Bir haftayı aşkındır incelemeye çalıştığım modern/postmodern çağa dair “aydın/entelektüel” sınıfının serencamında, her paradigmanın kendi değerlerini, kendi kurumlarını, kendi parlak başarıları ile karanlık taraflarını yarattığını anlatmaya çalıştım. Burada tabii ki aklımda Türkiye’deki aydın tipinin içinde bulunduğu trajik durum da vardı. Ancak isimlerden gidildiğinde, sorunun kavramsal boyutundan kopmuş olurduk. Bunun yerine olmuş olanın neden öyle olmuş olduğunu anlamaya çalışmak, gelecek için daha anlamlı bir uğraş gibi gözüküyor.

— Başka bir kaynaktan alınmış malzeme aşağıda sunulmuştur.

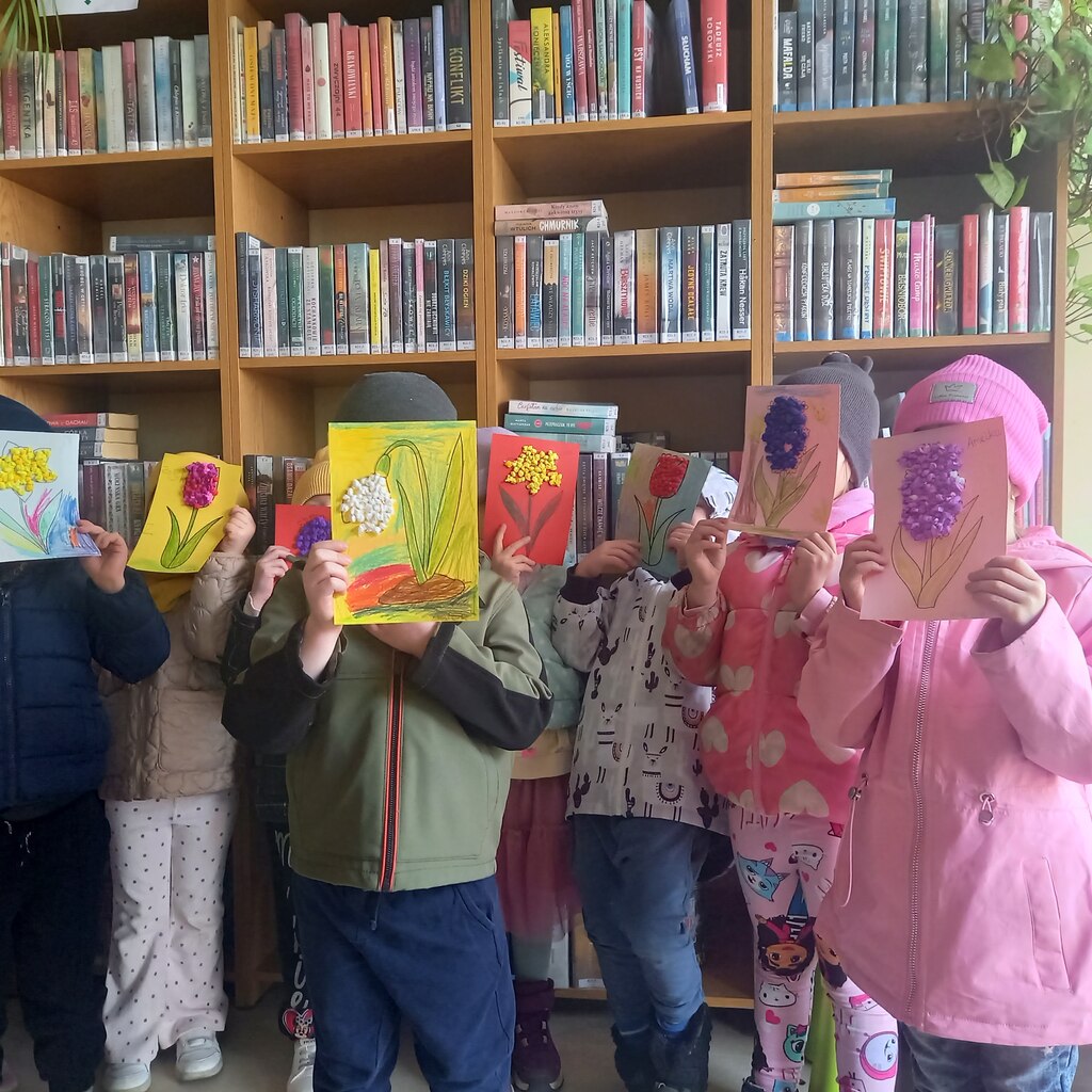 W marcu w Wypożyczalni nr 37 przy ulicy Smoleńskiej gościliśmy dzieci z Przedszkola nr 94. Wysłuchały książeczki pt. „Wiosna” autorstwa Małgorzaty Strzałkowskiej. Wspólnie rozmawialiśmy o budzącej się do życia wiośnie, o jej zwiastunach i związanych z nią zwyczajach. Zwieńczeniem spotkań było wykonanie prac plastycznych.
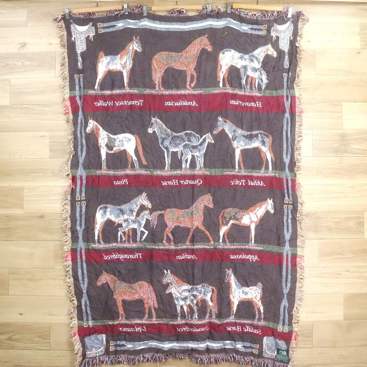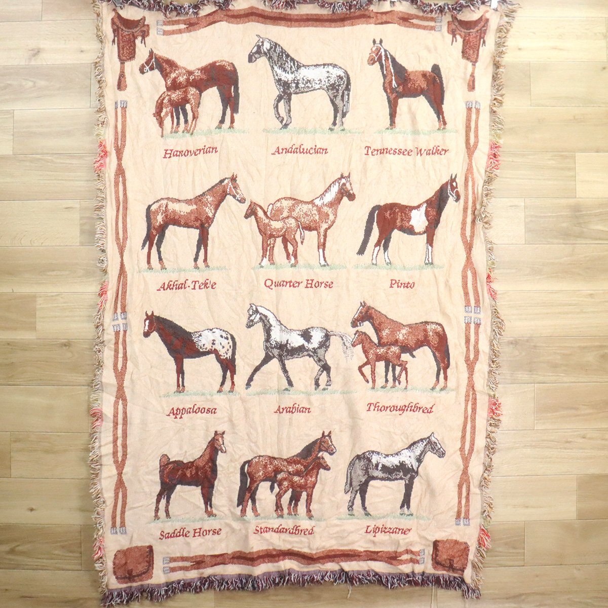 !3-9 O/O9.22-5 USA製 馬 ホース 動物柄 アニマル柄 ラグ マット カーペット ブランケット タペストリー ソファーカバー 雑貨
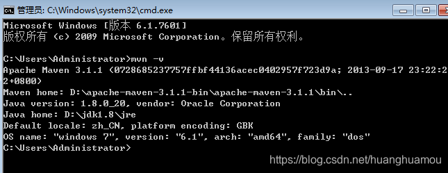2、再试下mvn -v命令,终于可以正常使用了!!Oh Yeah!!开心!!
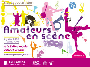 Pour la cinquième année consécutive, le Conseil général du Doubs organise, la journée « Amateurs en scène » le dimanche 6 juin 2010 à la Saline royale d’Arc-et-Senans. Le Département accueille les artistes amateurs du Doubs à la Saline royale, monument historique, inscrit au Patrimoine mondial de l’UNESCO depuis 1982.
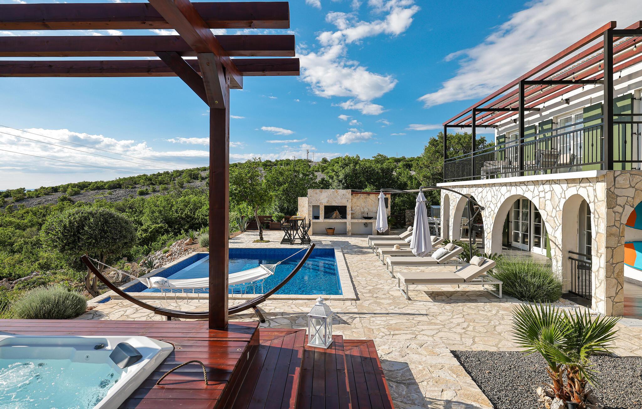 Glæd jer til dette toplækre feriehus, som har en enestående beliggenhed i nationalpark Sjeverni Velebit. Fra huset er der en smuk udsigt til havet og øerne på den ene side og Velebit-bjerget til modsatte side.

Paradigma ne olursa olsun, değişmeyen bazı değerlerin varlığına “iman” edebilir miyiz? Her şey göreli midir? Eğer öyleyse, bizleri aşan ve ortak ahlakımızı türeteceğimiz “bir üst anlam ufkundan” kopmuş olmaz mıyız?
Peki bu iç içe yaşanacak hakikatin herkesi, Müslümanı, Hristiyanı, Musevisi, ateisti, çeşitli ideolojileri benimseyenleri, kadınları, çocukları, azınlıkları bir yerinden de olsa yakalayacağı şekli nasıl inşa edilir? Öyle ki, aydını da, siyasetçisi de, iş insanı da, hukukçusu da o kozada yetişsin ve meşruiyetini o kaynaktan alsın?

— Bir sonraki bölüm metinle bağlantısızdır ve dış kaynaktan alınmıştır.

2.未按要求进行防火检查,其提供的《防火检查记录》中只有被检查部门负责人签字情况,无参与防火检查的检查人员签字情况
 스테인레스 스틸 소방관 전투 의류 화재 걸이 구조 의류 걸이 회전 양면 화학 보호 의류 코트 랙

AK Parti, bu manada, tabanıyla organik bir ilişki kurdu ve bu ilişkiyi siyasi varlığının/bekasının merkezinde gördü. AK Parti bu devrimci halk hareketini siyaseten temsil edebilme basiretini gösterdi. Bu basiret onu felaketlerden korudu, başarıyı getirdi, çünkü halkın istediğinin peşinden gitti.
Sorun, bu harekete gerekli cevabın yüzde 25’lik kesim ve siyasi temsilcilerinden gelmemiş olmasıdır. Ama bunu hemen beklemek anlamsızdır. Hatta, bu bir sorun bile değildir. Hayat ve yaşanan değişimler bizleri bizlerin yaptığı gibi kategorize etmez, dönüştürür, kendisine dahil eder. Değişim kurumsallaştıkça, adapte olma, cevap verme baskısı uyumsuz olanın sırtında taşınamaz bir yüke dönüşür.
Önemli olan, bu doğal baskının orada er geç yaratacağı hareketlenmenin ifade bulacağı mekanizmaları kurmak ve herkesin erişimine açık tutmaktır.